A single study has the potential to reshape the future. Across the world, there are countless research projects brimming with untapped possibilities. The Stellar Science Foundation (SS-F), driven by the mission to “advance the world through the power of science,” is committed to exploring the essence of scientific research and pushing its impact to new heights.
In the “Invent Innovation” series, we spotlight groundbreaking research that serves as the key to driving forward innovation by interviewing leading scientists. Through these conversations, we delve into the background and process of generating innovative knowledge, exploring the potential and influence of each study in depth.
For the second installment, we spoke with Naoko Irie, whose research focuses on the early development of the human germ line, including reproductive cells, eggs, sperm, and early embryos, in pursuit of unlocking the mysteries of life. In January 2025, she was awarded the Japan Society for the Promotion of Science (JSPS) Prize for her outstanding contributions to the study of early human germ cell development. Her research has garnered attention for its potential applications in assisted reproductive technologies, such as in vitro fertilization, as well as its contributions to advancements in reproductive science.
Dr. Irie has long pursued a fundamental question: “When and how do reproductive cells, which carry human genetic information, arise?” In the course of her work, she encountered an unexpected, groundbreaking discovery—one that gave her goosebumps—guided by intuition. With a vision to create a world where people struggling with reproductive challenges have more choices, Dr. Irie continues to explore the profound mystery of reproductive cells—the very beginning of human life itself.
Unraveling the Mystery of “Life’s Continuity Across Generations”
— To begin with, could you briefly explain what the “Human Germ Line” is, which serves as the focus of your research?
In simple terms, the Human Germ Line refers to the human reproductive lineage. In this context, “reproduction” pertains specifically to reproductive cells, which, in humans, include eggs and sperm. The concept of the “germ line” also carries the profound meaning of “life’s continuity across generations.”
It is said that the human body is composed of approximately 37 trillion cells, yet only one type of cell is directly inherited from parents: the germ cells.

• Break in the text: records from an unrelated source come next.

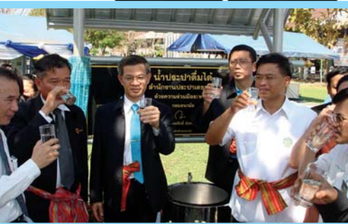
โครงการน้ำประปาดื่มได้

โครงการณรงค์ใช้น้ำอย่างรู้คุณค่า ... รักษาทรัพยากรน้ำอย่างยั่งยืน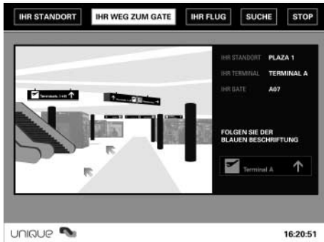
Interfacemaske „IHR WEG ZUM GATE“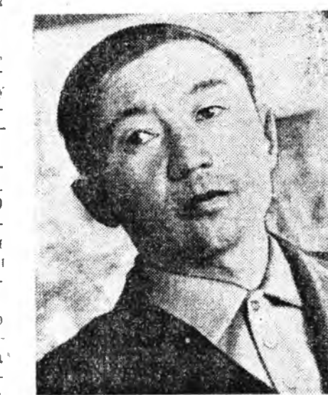
Ха хэрэгтэй болоо. Тинхэдэ нарай хурьгагай байра хүсэд бэлэн бо- лонхой.

МҮНӨӨ ҮЕНЬ үшөөл нилээд дулаахан, намдуу зохид на- марай сар байһанье наа, олбоно зүдэрүү, бүрүүлгэн хагсуу хүйтэ- нэй хаа орохонь холо бэшэ бо- лоо. Гантал нэгэ үлгөөгөөр боло- ходон, газаа үбэлгөөсө сайн ор- шонхой, үбэлэй шэмэрүүн хүйтэн үүдэ тоношожо байхалаа болохо ха юм. Тимэһээ үшөөл урин дулаан байна, сар эртэ гүлэ үбэлжэлгэдэ бэлдэжэ эхилдэггүй, нанга дээр буулаа малша мүнөө хомер лэ ёһо- той. Эгэл энэ үелэ, даб дээрэ ду- лаан байһанда, адууна малайнгаа үблэ тэжээл зөөжэ абаха, байра байдалаа найнар түхээрхэ, ду- лаалха, үбэлжэлгэдэ хараттай бү- хы нүмэ бэлдэхэ тон шухала бшүү. Тимэгүүй наамнай, үбэлэй хүйтэн гамнахагүүй. Энэниие хонишон, малшан, наилшан бүхэн хайн мэдэжэ, ойтожо ябана. Эдэ үдэрүүдтэ манай «Эрдэм» совхозой хонишондой бригаданууд- та, наалин гүүртэ, ферментуу- ташые ябаа наамтай, хаа хаанагүүй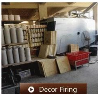
▶ Decor Firing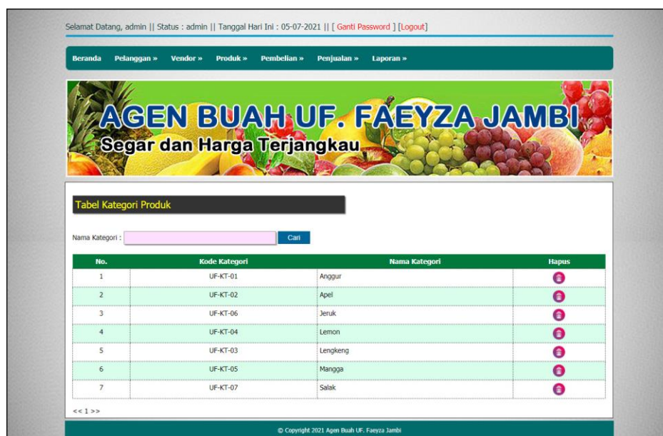
Gambar 5.13 Halaman Tabel Kategori Produk

Halaman tabel kategori produk merupakan halaman yang digunakan untuk mengelola data kategori produk dengan menampilkan informasi mengenai kategori produk dan terdapat link untuk menghapus data kategori produk. Gambar 5.13 tabel kategori produk merupakan hasil implementasi dari rancangan pada gambar 4.39.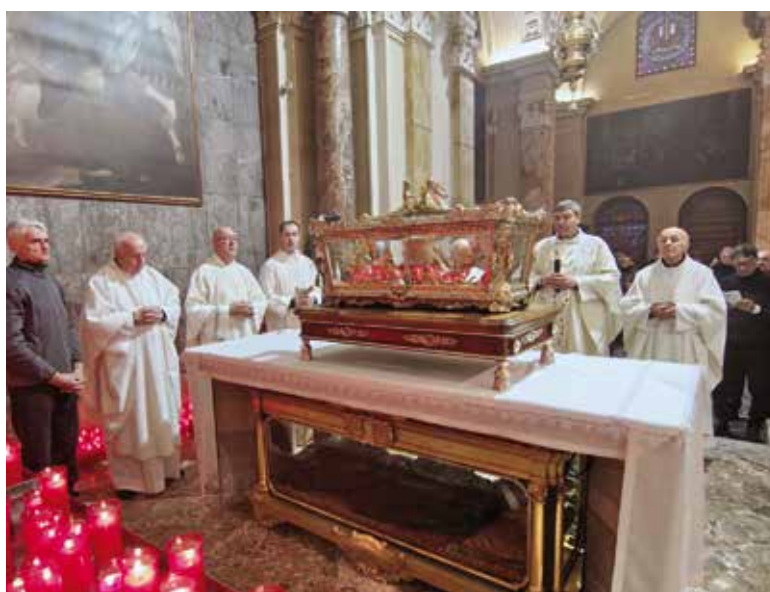
L'Urna deposta sopra l'altare del Santo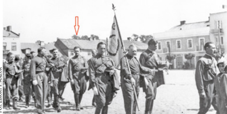
Rok 1938, defilada Towarzystwa Gimnastycznego „Sokół”, w tle budynek, który zniknął w pierwszych latach wojny. Należał do gminy żydowskiej, tak jak mykwa i synagoga

Anny. Tu jest dopiero zagadka. Jak wiemy do roku 1794 zmarli w Piasecznie byli chowani na cmentarzu dookoła kościoła. Zwyczaj mieszczanie na pewno tak, ale były też osoby z piaseczyńskiej arystokracji, niektórych z nich grzebano w Warszawie, ale nie wszystkich. I tu przyszło mi na myśl, że zapewne są w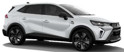
Bela Crystal biserna (QNC)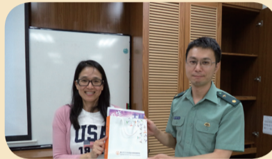
輔導室與教官室聯合辦理教師輔導研習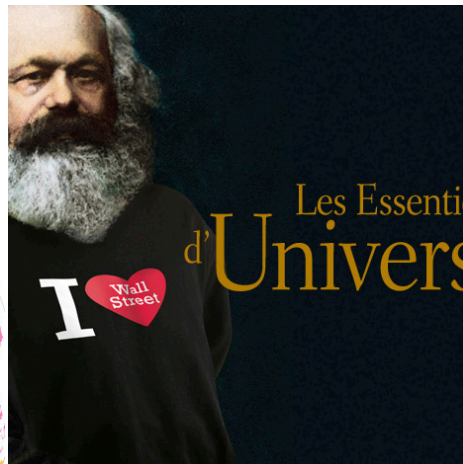
LE MONDE UNIVERSALIS Site web & rich media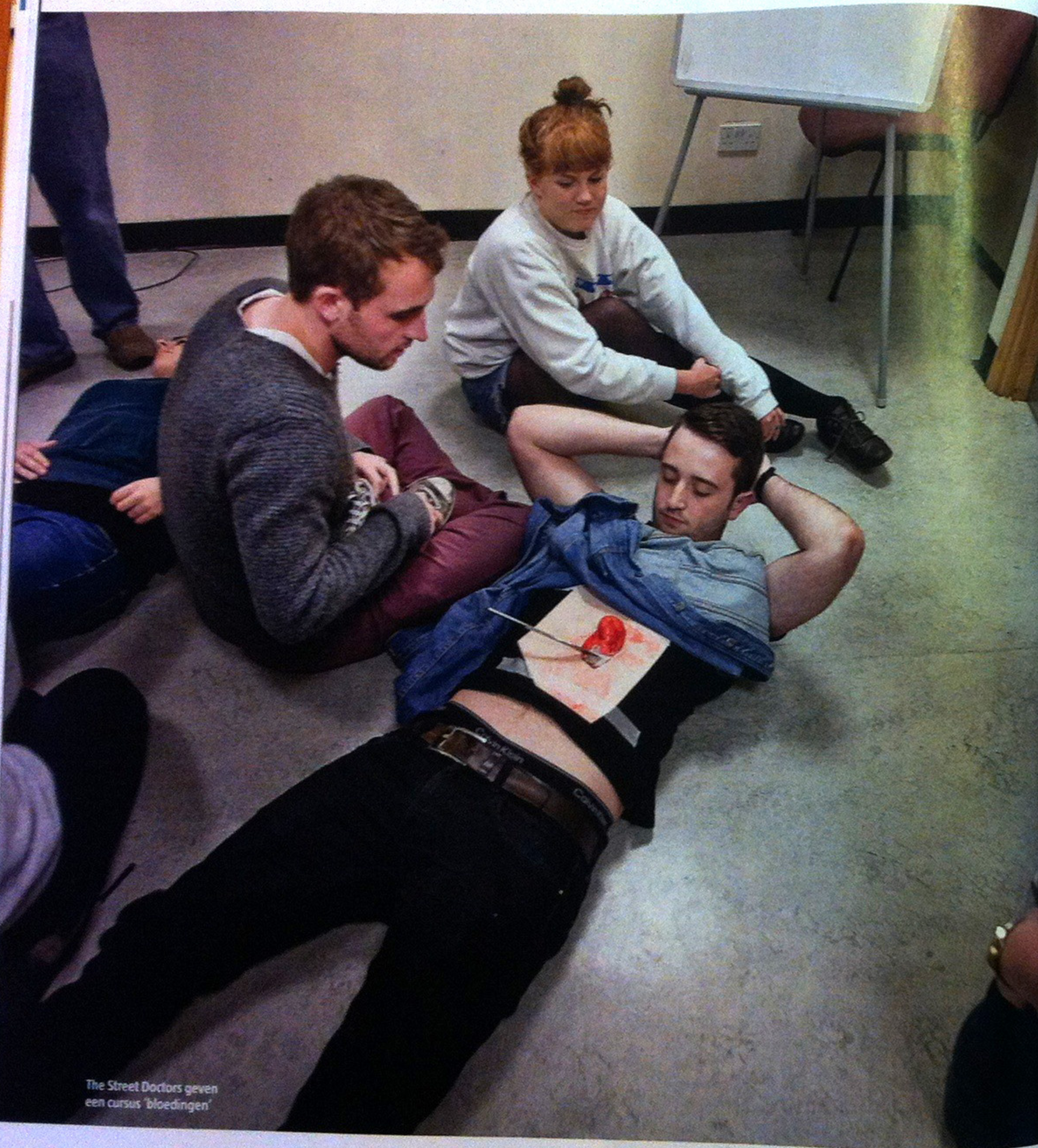
The Street Doctors geven een cursus 'bloedingen'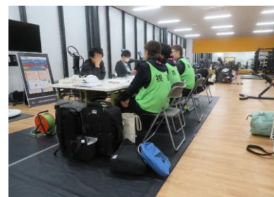
大津市国スポ担当者との協議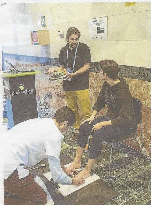
El estudio de la pisada se incluye en los servicios médicos.

El arranque del patinaje de velocidad enciende ahora alguna alarma extra dado que los participantes se deslizan sobre el hielo a más de 50 kilómetros por hora. Aunque la pista se haya envuelto con amplias protecciones, la posibilidad de una caída con serias consecuencias es bastante amplia. «En el 'short track' vamos a ver muchas lesiones por traumatismos, pero estamos preparados para lo que vamos a abordar. La Federación Internacional (FISU) obliga a que haya un médico siempre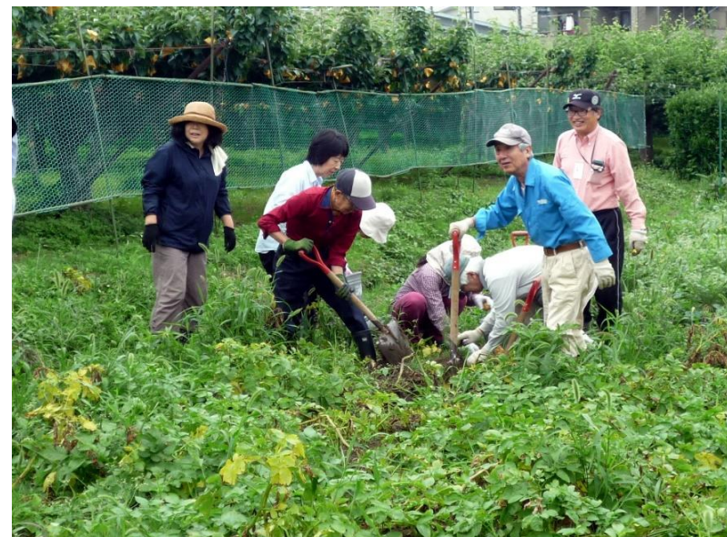
じゃが芋の収穫中 2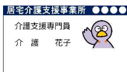
ケアマネジャーの 名刺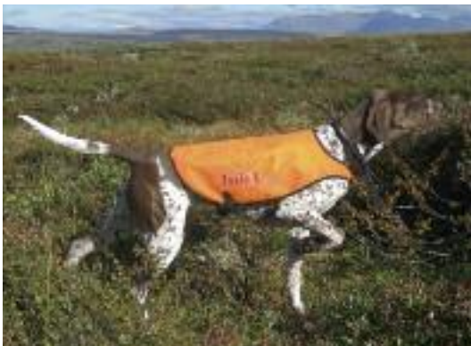
KV Vessinglias Tuva, 08824/08, Trygve Vevang, Ranheim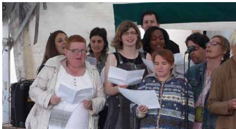
... et applaudissent !

These cells are passed down through generations—your parents inherited their germ cells from their own parents, and so on.
In essence, every generation, from newborns to the elderly, exists through the continuity of the germ line. The transmission of genetic information via germ cells, which leads to the formation of the next generation, is what we call the “germ line.”
— So, the Human Germ Line refers to the mechanism through which reproductive cells pass genetic information from one generation to the next?
Exactly. And this concept is not unique to humans—if we trace back far enough, all living organisms, including plants and animals, originate from a single common source of life. Over time, different germ lines have emerged, ultimately leading to the rich biodiversity we see today.
Approaching the Human Germ Line: Research Methods and Techniques
—What methods and approaches do you use in your research on the Human Germ Line?
We study the Human Germ Line using human pluripotent stem cells. There are two types of human pluripotent stem cells:
- Embryonic Stem (ES) Cells – Derived from the early-stage embryo shortly after fertilization.
- Induced Pluripotent Stem (iPS) Cells – Created artificially by reprogramming somatic cells.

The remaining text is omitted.